“You’re going to be late for your meeting, Echo!” my older brother yells at me.
“I know I’m going there, just give me a minute, ok!” I yell back at him.
“Fine, just hurry up!” he yells at me.
“I’m 16 now, I can handle myself, Len.” I snap back at him.
After the meeting, I return home, and sit on the couch, and start to write. My brother’s name is Lennard, but I call him Len for short. My name is Gwenn, and my full name is Gwendolyne, but when I was little I never talked, so it was constant silence. It was like everything was constantly an echo. So that’s how I got the nickname Echo. Well, that’s at least what I’m told.
I work in a (somewhat) low position in an insurance company. It’s only a temporary job until they can hire someone else. I’m also in the summer of high school, so it’s not like I have two lives going on. It’s a pretty boring life. You just sit in an office, write emails, and make phone calls.

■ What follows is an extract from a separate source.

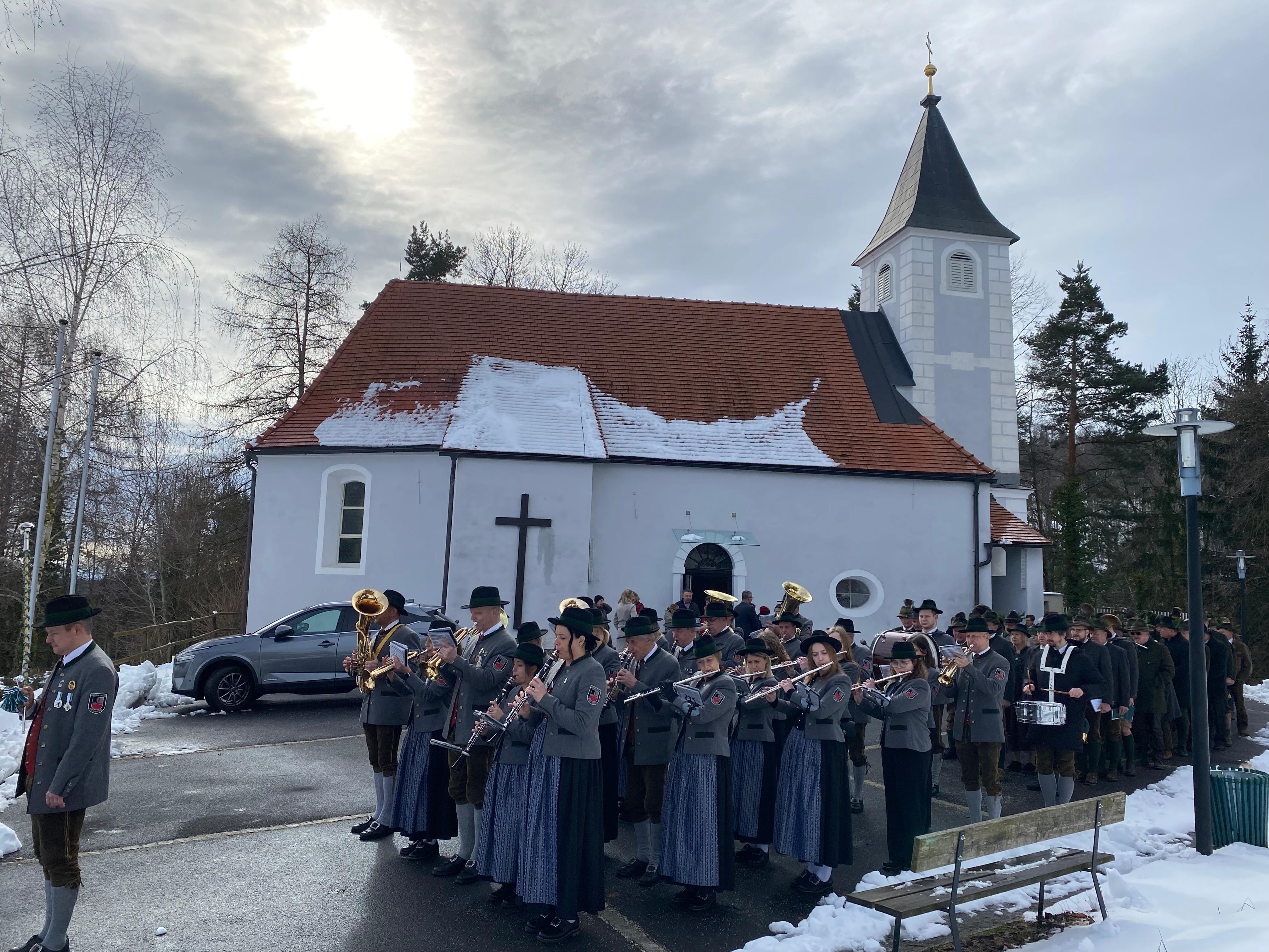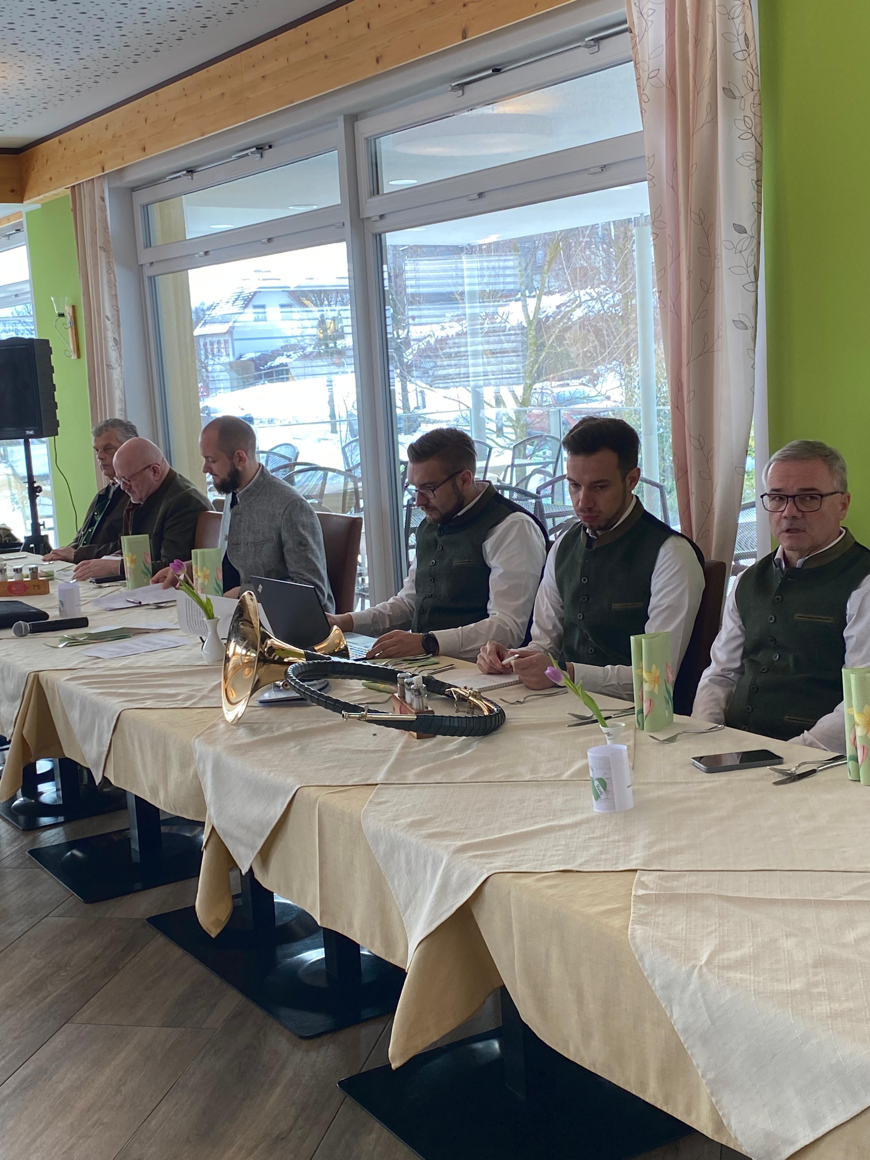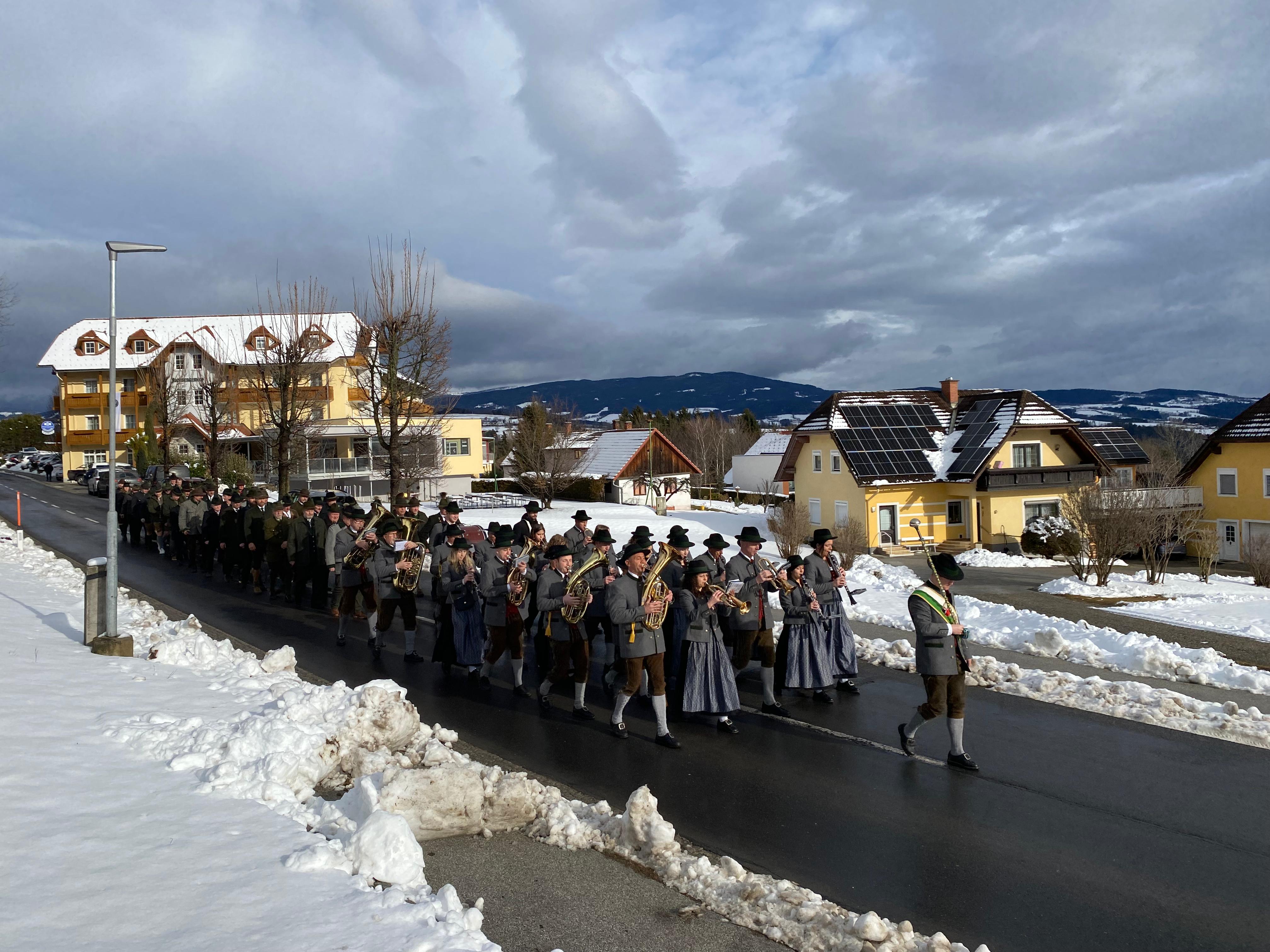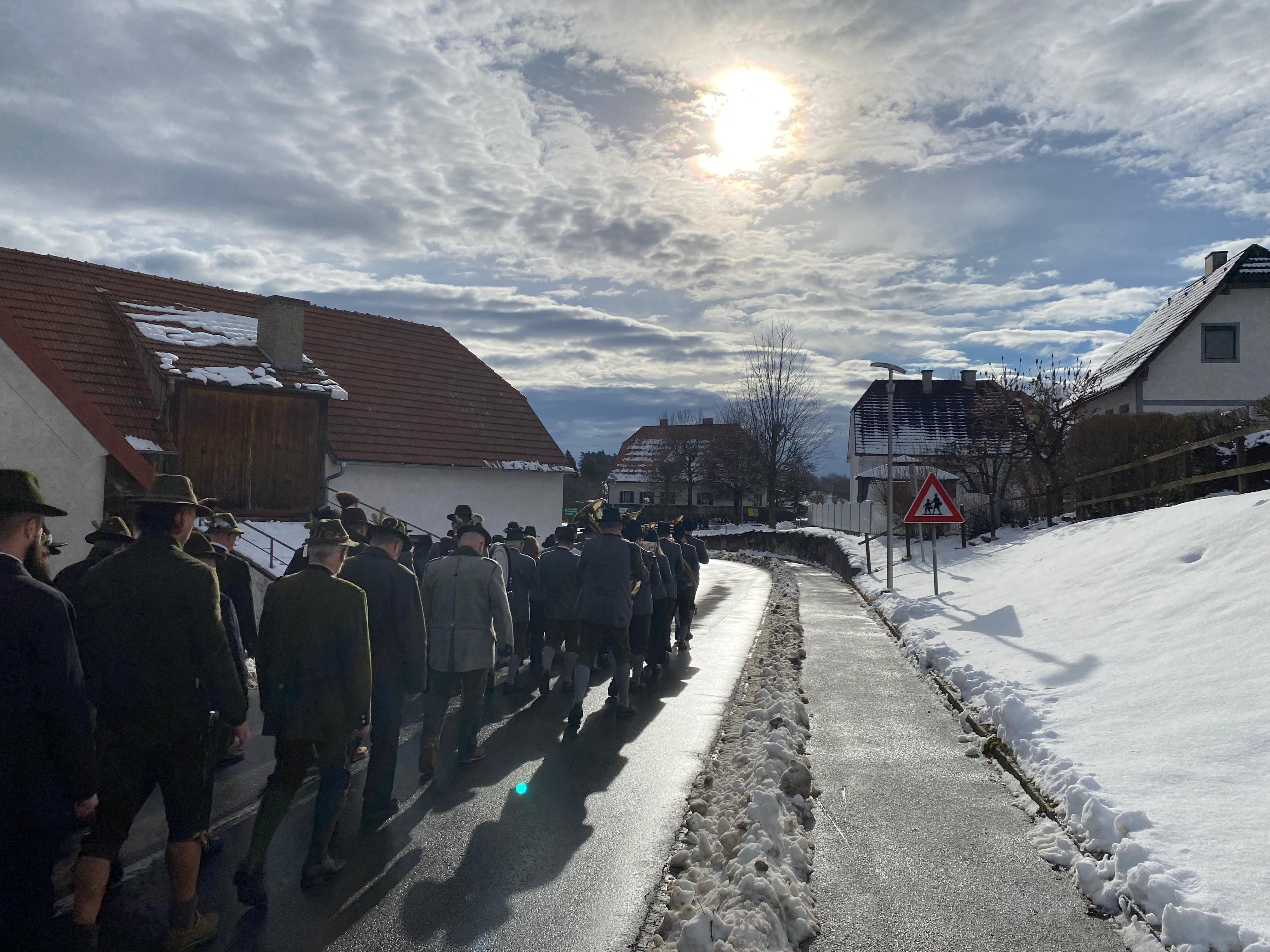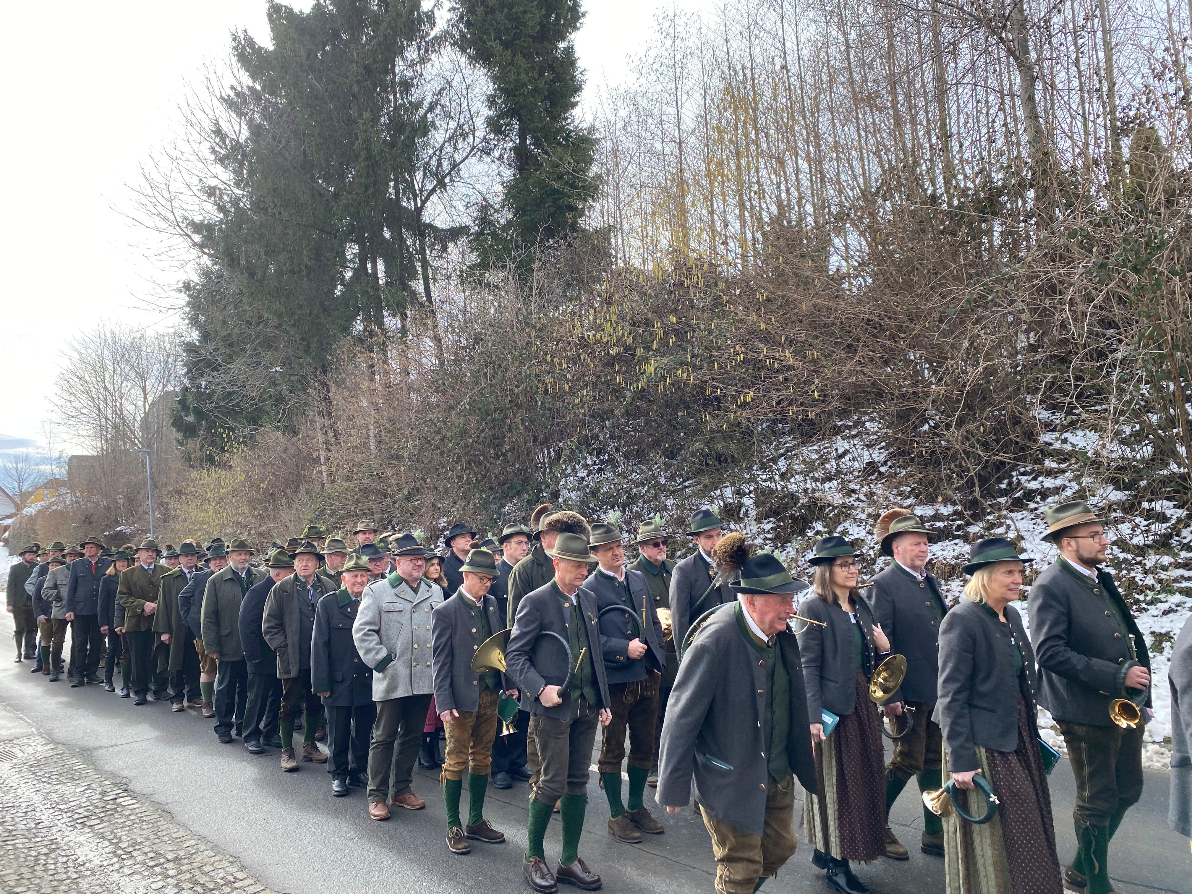 Im Anschluss an die Hl. Messe marschierte die Jägerschaft, begleitet von der Musikkapelle Eichberg, von der Kirche zum Eichbergerhof, wo der offizielle Teil der Jahresversammlung stattfand.

I guess I’ve had many other dreams for the future, but none of them have ever moved forward.
I’ve always wanted to become a dancer, but I moved on from that some time ago. I wish I could say I’m good at something useful, but the sad truth is, I’m not. I took dance class when I was younger, and I would stare dreamily at the shimmery pointe shoes that the older girls wore. Eventually, all of my fellow dancers moved on to older and more difficult classes and got pointe shoes, but I stayed there. I enjoyed ballet a lot, but it hurt my dance spirit, not being able to advance. I wasn’t flexible either. I guess that’s what made me quit.
“You have 14 reports for your clients, you need to work on those,” Len tells me.
Did I mention that Len’s my boss? And he’s also 9 years older than me. Oh yeah, and he’s responsible for me, ever since our dad died 5 years ago. He’s always been the bossy one though. Maybe that’s why he became my boss.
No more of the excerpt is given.